*** Begin section ***
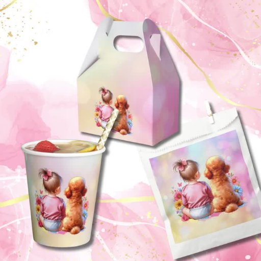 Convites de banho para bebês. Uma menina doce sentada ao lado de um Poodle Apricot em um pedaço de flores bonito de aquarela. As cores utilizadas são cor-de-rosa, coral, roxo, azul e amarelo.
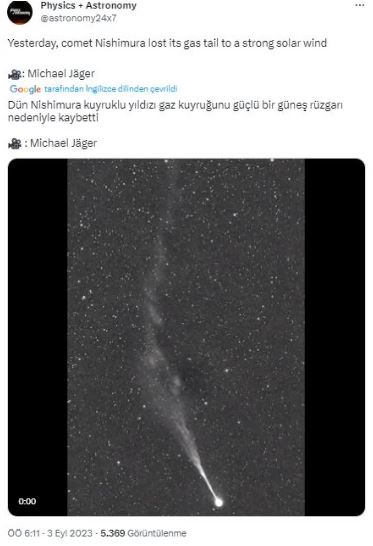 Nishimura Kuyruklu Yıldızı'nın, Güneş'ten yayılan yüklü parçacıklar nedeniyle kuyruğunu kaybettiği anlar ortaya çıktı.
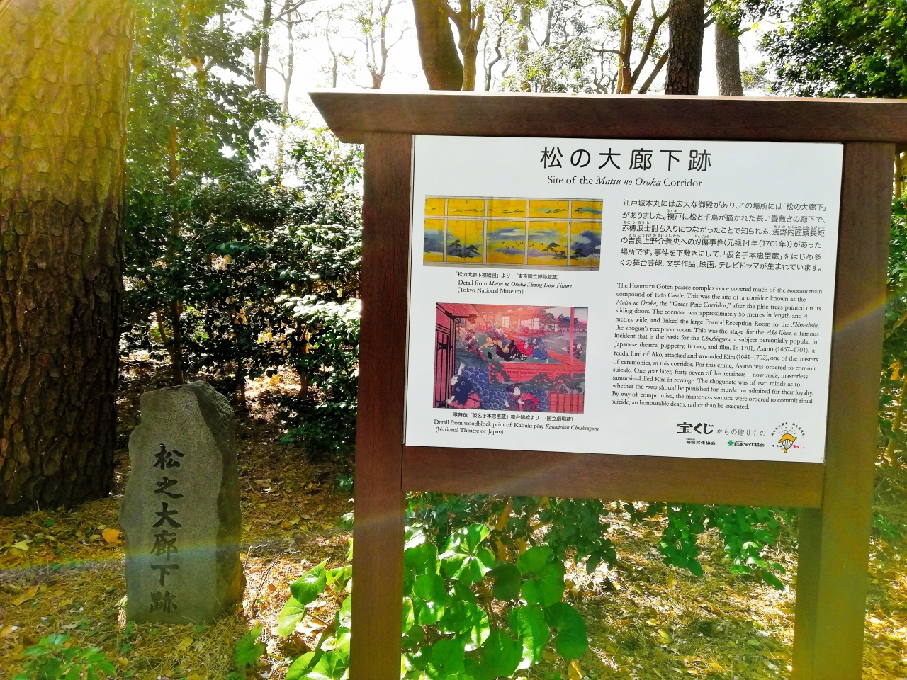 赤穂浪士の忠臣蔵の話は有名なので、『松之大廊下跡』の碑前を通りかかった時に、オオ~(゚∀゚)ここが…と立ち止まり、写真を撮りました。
*** End section ***
*** Begin section ***
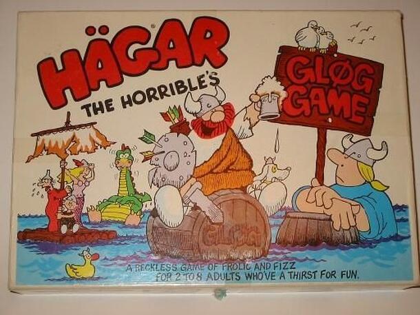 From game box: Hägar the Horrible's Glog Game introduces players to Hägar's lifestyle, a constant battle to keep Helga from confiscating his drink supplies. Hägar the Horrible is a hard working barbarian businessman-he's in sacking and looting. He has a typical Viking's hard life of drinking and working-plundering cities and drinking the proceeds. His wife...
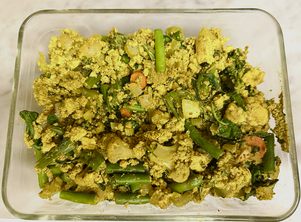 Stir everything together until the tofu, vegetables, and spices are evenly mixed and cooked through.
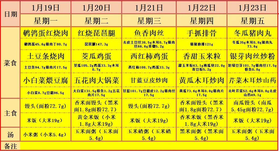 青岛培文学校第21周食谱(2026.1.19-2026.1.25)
*** End section ***
# Work item
Everything above from the line containing "Stir everything together" through the line containing "青岛培文学校第21周食谱(2026.1.19-2026.1.25)" must be repeated exactly, and the pictures must be left out.

# Result
 Stir everything together until the tofu, vegetables, and spices are evenly mixed and cooked through.
 青岛培文学校第21周食谱(2026.1.19-2026.1.25)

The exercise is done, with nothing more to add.